Animenta racconta i disturbi alimentari – La storia di Beatrice

Ciao mi chiamo Beatrice. Parlare di me credo non sia mai stato il mio forte. Ho sempre avuto un’importante scissione in me tra l’assurda sfacciataggine e la totale insicurezza che celavo con la riservatezza di quelle che per me erano le cose più “intime”.

Lei credo sia la cosa più intima che abbia mai avuto.

Non so con esattezza quando tutto sia iniziato

Gli ultimi due anni sono stati parecchio difficili per tutti. Siamo stati messi di fronte qualcosa di minuscolo, impercettibile, invisibile che può distruggerci la vita a livello fisico, psicologico e sociale.

Un po’ come ha fatto Lei con me.

Un giorno l’ho sentita arrivare e quelle voci hanno trovato spazio nella mia mente e sono piano piano aumentate.

Quelle frasi..

Nel settembre del 2020 ho passato un’estate piena di alti e bassi con le amiche con cui sono cresciuta. Mi sono state dette, da loro stesse, delle frasi che ad oggi, purtroppo, non riesco ancora a ripetere ad alta voce. Erano frasi sulla differenza fisica che c’era tra me e il ragazzo che frequentavo ai tempi.

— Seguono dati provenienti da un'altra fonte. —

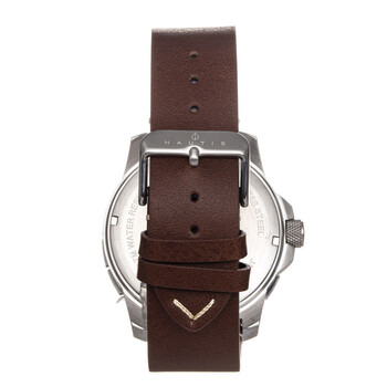 Band Color: Brown Genuine Leather; Band Width: 22mm near case; 20mm near clasp/buckle; Bezel Color: Blue; Case: Silver + Circle-Shaped; Case Finish: Brushed + Stainless Steel; Case Thickness: 14mm; Case Width: 45mm; 51mm with Crown; Clasp / Buckle: Strap Buckle; Dial: Blue + Analog; Hand Color: Silver; Movement: Japanese + Quartz; Time Zones: Single; Water Resistance: 20 ATM. Silver-tone stainless steel case with a brown genuine leather strap. Uni-directional rotating blue stainless steel bezel. Blue dial with silver-tone hands and index hour markers. Minute markers around the outer rim. Dial Type: Analog. Luminescent hands and markers. Date display at the 3 o'clock position. Quartz movement. Scratch resistant mineral crystal. Pull / push crown. Solid case back. Round case shape, case size: 45 mm, case thickness: 14 mm. Band width: 22 mm, band length: 9 inches. Buckle clasp. Water resistant at 200 meters / 660 feet. Functions: date, hour, minute, second. Dive Pro 200 Series. Casual watch style. Watch label: Japan Movt. Nautis Dive Pro 200 Quartz Blue Dial Men's Watch GL1909-E.

Quelle frasi hanno dato voce a un’insicurezza già presente in me. Ho scoperto, solo dopo mesi di terapia, che sfogavo sul cibo già da un po’. Riempivo il mio corpo, senza mai saziarmi, di cibo di ogni genere e non sentivo mai quel senso di sazietà che non percepisco più ormai da quasi due anni.

Mi chiedo perché non riesca a ripetere quelle frasi ad alta voce. Credo di non averle esplicitate neanche al mio terapeuta. Mi accorgo di provare vergogna. Di dare ancora tanto peso a quelle parole, di sentirle ancora cucite sulla mia pelle.

Lottavo con me stessa

Da lì a poco è iniziata la più grande lotta contro me stessa. Lo stomaco si chiudeva. Quando mangiavo mi sentivo in colpa e lo sport è diventato qualcosa di vitale per me.

Sono iniziate le corse contro il tempo, letteralemente. Mi alzavo ogni giorno presto, anche quando non avevo nulla da fare durante il giorno, per paura che qualsiasi imprevisto mi potesse togliere del tempo per fare sport.

Ero iscritta all’università. Studiavo canto. Stavo lavorando per realizzare il mio grande sogno: lavorare in teatro.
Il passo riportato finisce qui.